In my first few days, I have only explored just a small portion of the game, and my first impression is that it is still in its infancy. If you have ever read Neuromancer or Snow Crash, you understand the possibilities of such a virtual world. If not, let me explore some scenarios for you.
First, data storage and access. People remember things visually and spatially. Remembering where something is on a web page within a web site is similar to the task of remembering which page your favorite War and Peace quote is on. In a book there are no visual cues other than the "address" or the page and line number. In the real world as in the virtual world, data can be organized in a familiar environment. For example, instead of memorizing the web address of your bank, you could simply remember that your virtual check book is in your virtual desk.
Second, virtual office space. Brainloaf has a small office for the convenience for working together in the same space, discussion questions, sharing ideas and interacting. There is no reason why we need to be in the same physical space if we can interact, see, discuss, and do all the same things physical proximity provides. Imaging sitting down in a cushy massage chair, strapping on a Virtual Reality headset, headphones and gloves, then "logging into" the office. No commute, no traffic, no gas bills. Just a virtual office, which can be as big as you want with a virtual view of the ocean, park, whatever. Coworkers can gather in the virtual conference room to talk, have client meetings and just hang around the virtual water cooler for a break. Virtual worlds like Second life are going to make this possible.
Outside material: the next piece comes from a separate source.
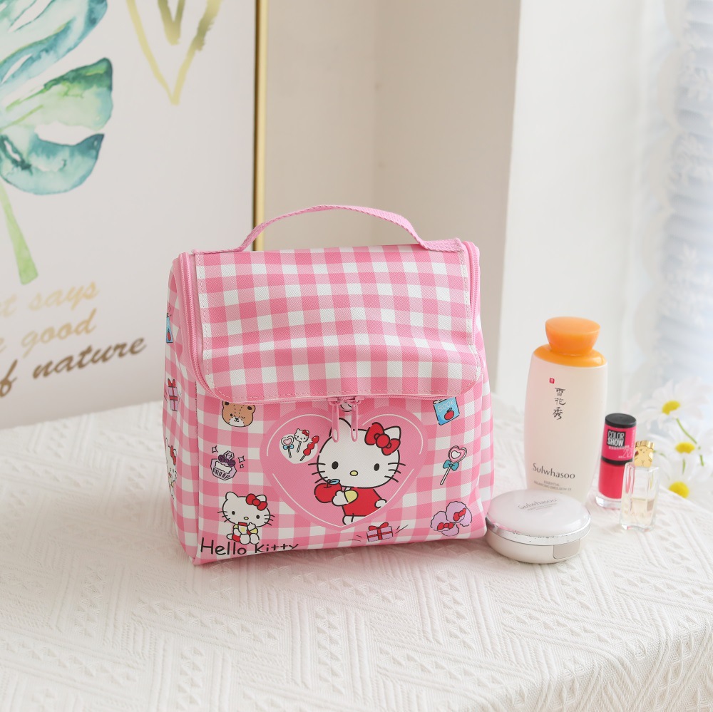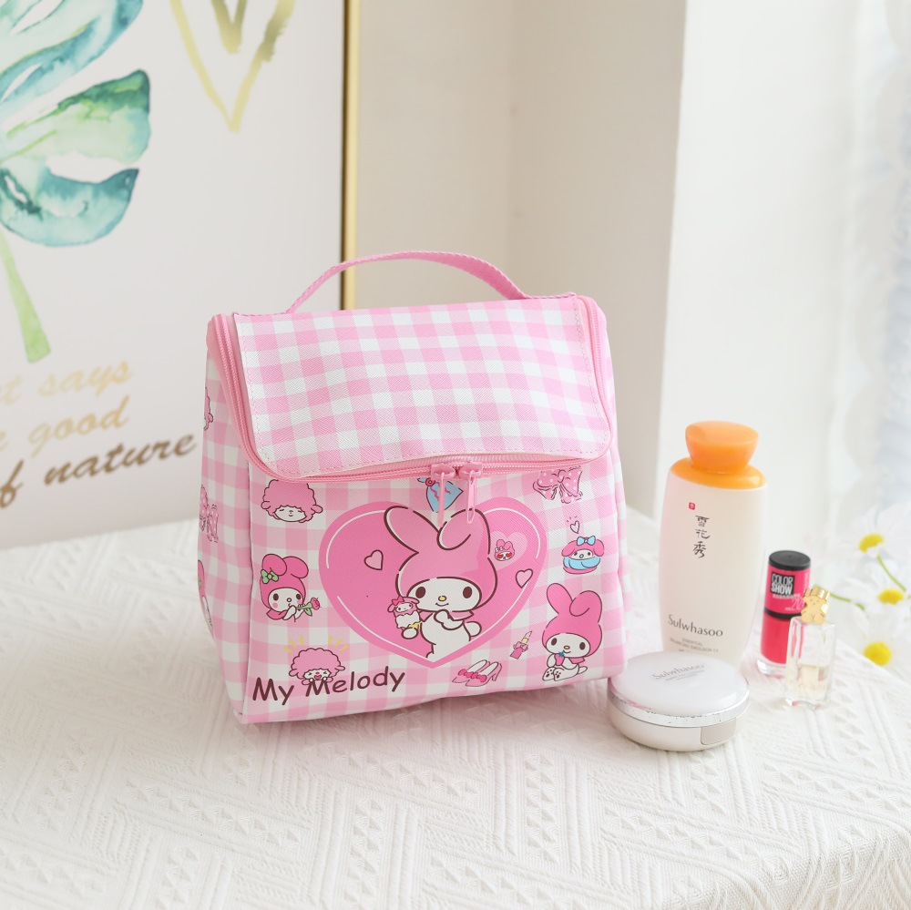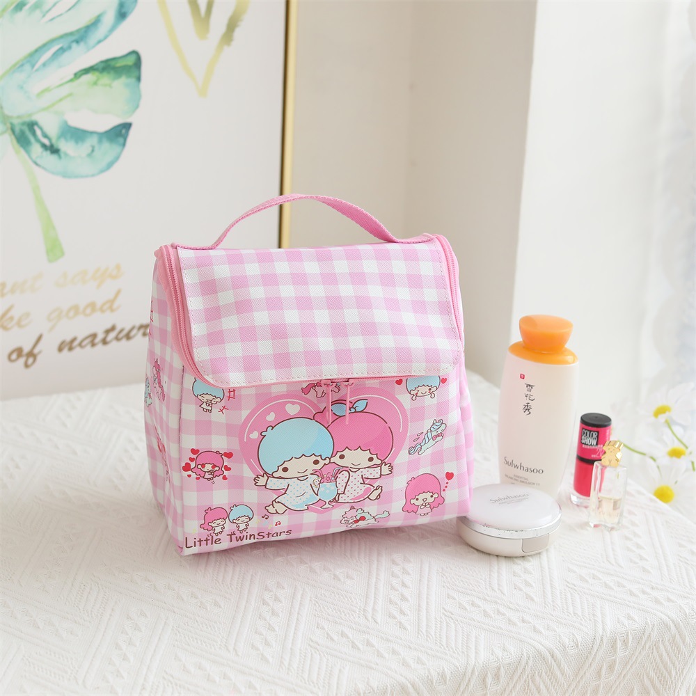 격자 무늬 만화 가죽 방수 지퍼 플립 소녀 화장품 가방 야외 여행 휴대용 화장실 보관 가방스토어 가기

How to pay for all this? Well that brings me to my third point: Marketing and Advertising in Second Life. The beauty of a virtual world is that the promotional possibilities are limitless and much more cost effective. Virtual bill boards, car wraps, virtual launch parties and product events. All new things to add to the marketing mix. It will take SL sometime to get to this level, including wide adoption of virtual reality equipment and high end graphics hardware, but the SL (or an application like it) as a killer app replacement for the web is highly likely in my mind.